▸ MATERIAL PROVIDED:

..........

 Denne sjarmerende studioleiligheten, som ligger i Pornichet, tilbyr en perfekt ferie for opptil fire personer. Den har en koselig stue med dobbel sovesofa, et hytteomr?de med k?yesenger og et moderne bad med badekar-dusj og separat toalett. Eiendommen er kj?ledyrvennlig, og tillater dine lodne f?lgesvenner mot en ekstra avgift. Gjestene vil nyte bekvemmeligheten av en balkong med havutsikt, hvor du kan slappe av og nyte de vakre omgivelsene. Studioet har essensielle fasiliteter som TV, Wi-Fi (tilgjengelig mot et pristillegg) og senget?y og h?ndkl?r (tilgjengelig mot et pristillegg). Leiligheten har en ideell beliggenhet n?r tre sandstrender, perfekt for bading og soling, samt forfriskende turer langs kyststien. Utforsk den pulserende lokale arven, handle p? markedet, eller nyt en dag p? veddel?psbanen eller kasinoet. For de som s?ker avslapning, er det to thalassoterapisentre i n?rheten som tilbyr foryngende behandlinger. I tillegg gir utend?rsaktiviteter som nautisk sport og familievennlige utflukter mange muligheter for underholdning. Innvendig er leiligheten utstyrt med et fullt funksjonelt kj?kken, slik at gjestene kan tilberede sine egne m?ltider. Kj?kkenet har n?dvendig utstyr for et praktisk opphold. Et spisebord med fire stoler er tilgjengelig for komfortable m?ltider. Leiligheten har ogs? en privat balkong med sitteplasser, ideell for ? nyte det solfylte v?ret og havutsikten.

..........

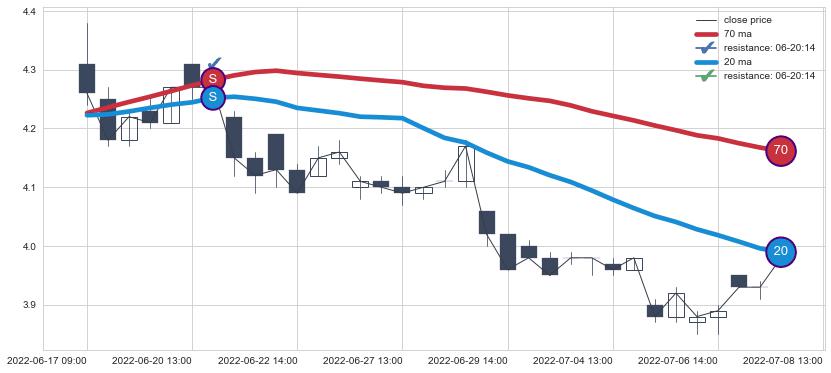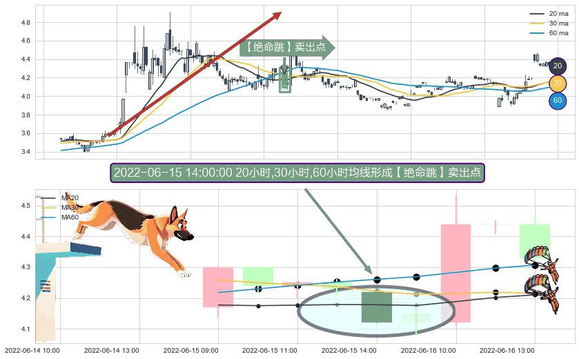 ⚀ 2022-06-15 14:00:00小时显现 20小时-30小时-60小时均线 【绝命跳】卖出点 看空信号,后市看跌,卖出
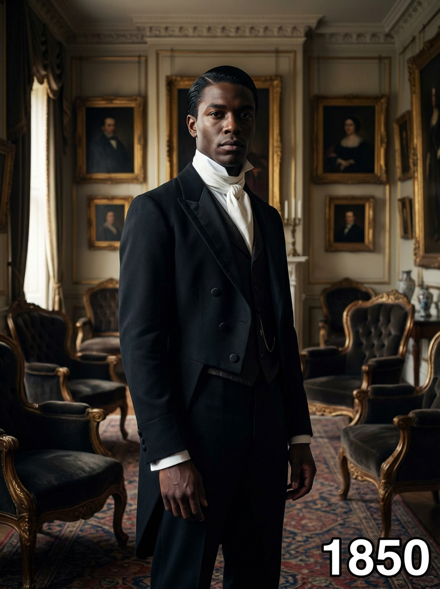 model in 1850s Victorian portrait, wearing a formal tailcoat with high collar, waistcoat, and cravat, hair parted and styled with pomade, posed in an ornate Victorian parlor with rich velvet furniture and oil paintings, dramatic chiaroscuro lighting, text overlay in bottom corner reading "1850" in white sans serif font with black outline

..........

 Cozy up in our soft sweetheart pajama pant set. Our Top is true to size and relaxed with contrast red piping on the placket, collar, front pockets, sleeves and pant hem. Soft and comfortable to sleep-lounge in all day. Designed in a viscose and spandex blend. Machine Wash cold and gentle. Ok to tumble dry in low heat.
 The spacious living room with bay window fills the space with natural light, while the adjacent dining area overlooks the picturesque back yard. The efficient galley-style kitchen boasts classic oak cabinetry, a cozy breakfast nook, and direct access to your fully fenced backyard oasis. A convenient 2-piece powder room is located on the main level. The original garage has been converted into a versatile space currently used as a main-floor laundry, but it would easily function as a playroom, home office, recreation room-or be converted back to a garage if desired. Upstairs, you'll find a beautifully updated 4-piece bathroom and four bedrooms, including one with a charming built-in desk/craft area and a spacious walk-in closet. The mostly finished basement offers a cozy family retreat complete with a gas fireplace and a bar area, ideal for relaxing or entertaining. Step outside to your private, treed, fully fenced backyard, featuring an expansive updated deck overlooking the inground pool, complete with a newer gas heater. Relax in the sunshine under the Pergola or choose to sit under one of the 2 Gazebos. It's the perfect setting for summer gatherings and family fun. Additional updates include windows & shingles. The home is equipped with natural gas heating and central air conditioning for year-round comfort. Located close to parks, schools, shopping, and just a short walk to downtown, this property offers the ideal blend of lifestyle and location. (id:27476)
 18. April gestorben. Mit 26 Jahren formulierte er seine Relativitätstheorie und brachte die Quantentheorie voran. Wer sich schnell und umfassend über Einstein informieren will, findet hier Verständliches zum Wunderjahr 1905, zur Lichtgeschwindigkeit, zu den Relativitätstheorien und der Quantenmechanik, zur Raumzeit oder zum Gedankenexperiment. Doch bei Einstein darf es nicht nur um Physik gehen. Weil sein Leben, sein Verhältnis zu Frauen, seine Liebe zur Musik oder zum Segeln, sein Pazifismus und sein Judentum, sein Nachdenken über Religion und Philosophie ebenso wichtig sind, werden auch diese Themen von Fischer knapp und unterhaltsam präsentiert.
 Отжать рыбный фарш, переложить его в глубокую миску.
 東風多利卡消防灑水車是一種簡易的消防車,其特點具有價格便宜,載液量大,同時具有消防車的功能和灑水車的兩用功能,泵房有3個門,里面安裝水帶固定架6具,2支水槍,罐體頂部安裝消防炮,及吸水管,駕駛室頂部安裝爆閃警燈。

..........

▸ WHAT THIS TASK INVOLVES: Find the line with "20小时-30小时-60小时均线 【绝命跳】卖出点 看空信号,后市看跌,卖出" in the data above, and from there retype each line exactly through the line with "model in 1850s", skipping the pictures along the way.

▸ RESULT OF THIS TASK:
 ⚀ 2022-06-15 14:00:00小时显现 20小时-30小时-60小时均线 【绝命跳】卖出点 看空信号,后市看跌,卖出
 model in 1850s Victorian portrait, wearing a formal tailcoat with high collar, waistcoat, and cravat, hair parted and styled with pomade, posed in an ornate Victorian parlor with rich velvet furniture and oil paintings, dramatic chiaroscuro lighting, text overlay in bottom corner reading "1850" in white sans serif font with black outline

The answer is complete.